After lunch, bags stuffed, we headed back out to Kununurra airport to meet the Cessna that we had chartered for the next leg to the Mitchell Plateau airstrip. At the airport we and our bags were weighed. We were told that 6 kg had to go before we could take off. Either we would all have to run around the airport a few hundred times and loose some weight or leave behind some our food. We chose the later and left some of our luxury items such as self-saucing puddings, custard, and onions.

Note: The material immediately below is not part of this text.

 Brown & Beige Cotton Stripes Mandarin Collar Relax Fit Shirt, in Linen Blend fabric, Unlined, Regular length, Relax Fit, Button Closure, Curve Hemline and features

We flew out over the green patchwork of the Ord River irrigation scheme at about 2.30pm, and on to the Mitchell Plateau! Apart from the spectacular arid-land scenery, dissected by meandering rivers reduced to chains of pools by the dry, the two-hour trip was reasonably uneventful. We were soon flying over the red Mitchell Plateau, scattered with distinctive Mitchell Plateau palms. We touched down at the Mitchell Plateau airstrip in the afternoon heat and were met by the helicopter that would take us the remainder of the distance to the starting point of our walk.

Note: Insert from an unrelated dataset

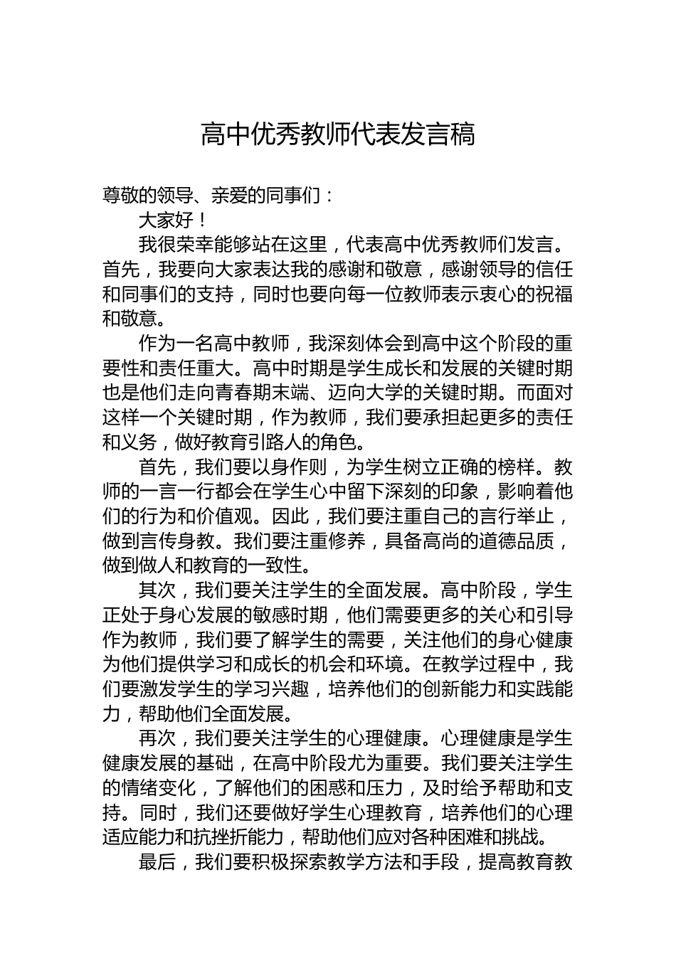高中優(yōu)秀教師代表發(fā)言稿尊敬的領(lǐng)導(dǎo)、親愛的同事們:大家好!我很榮幸能夠站在這里,代表高中優(yōu)秀教師們發(fā)言。首先,我要向大家表達(dá)我的感謝和敬意,感謝領(lǐng)導(dǎo)的信任和同事們的支持,同時(shí)也要向每一位教師表示衷心的祝福和敬意。作為一名高中教師,我深刻體會(huì)到高中這個(gè)階段的重要性和責(zé)任重大。高中時(shí)期是學(xué)生成長(zhǎng)和發(fā)展的關(guān)鍵時(shí)期也是他們走向青春期末端、邁向大學(xué)的關(guān)鍵時(shí)期。而面對(duì)這樣一個(gè)關(guān)鍵時(shí)期,作為教師,我們要承擔(dān)起更多的責(zé)任和義務(wù),做好教育引路人的角色。首先,我們要以身作則,為學(xué)生樹立正確的榜樣。教師的一言一行都會(huì)在學(xué)生心中留下深刻的印象,影響著...

As we would be returning on foot to the Mitchell Falls campsite in a few weeks time, we were all keenly taking note of the lie of the land and water availability as we flew off towards the south west. It looked promising and there were quite a few pools of water visible in streams with quite limited catchments. We noted the curious paths and trails at intervals beneath us and were told by the pilot that quite a few feral cattle roamed the grassy plateau country. The chopper set us down a half hour later on the sandy bank of a creek overlooking a pristine waterfall. Our cameras came out as the helicopter and its associated safety and link to civilisation thudded off into the deepening shadows of evening. We were alone at last, and quite excited by the prospect!

With only a half-hour before sunset, we set about securing our food cache in a nearby tree. Having heard about the Northern Spotted Quolls, which were very curious and would eat anything, we enclosed the food in two industrial plastic bags and then in a sturdy canvas bag, before hanging it as high as we could manage in a tree.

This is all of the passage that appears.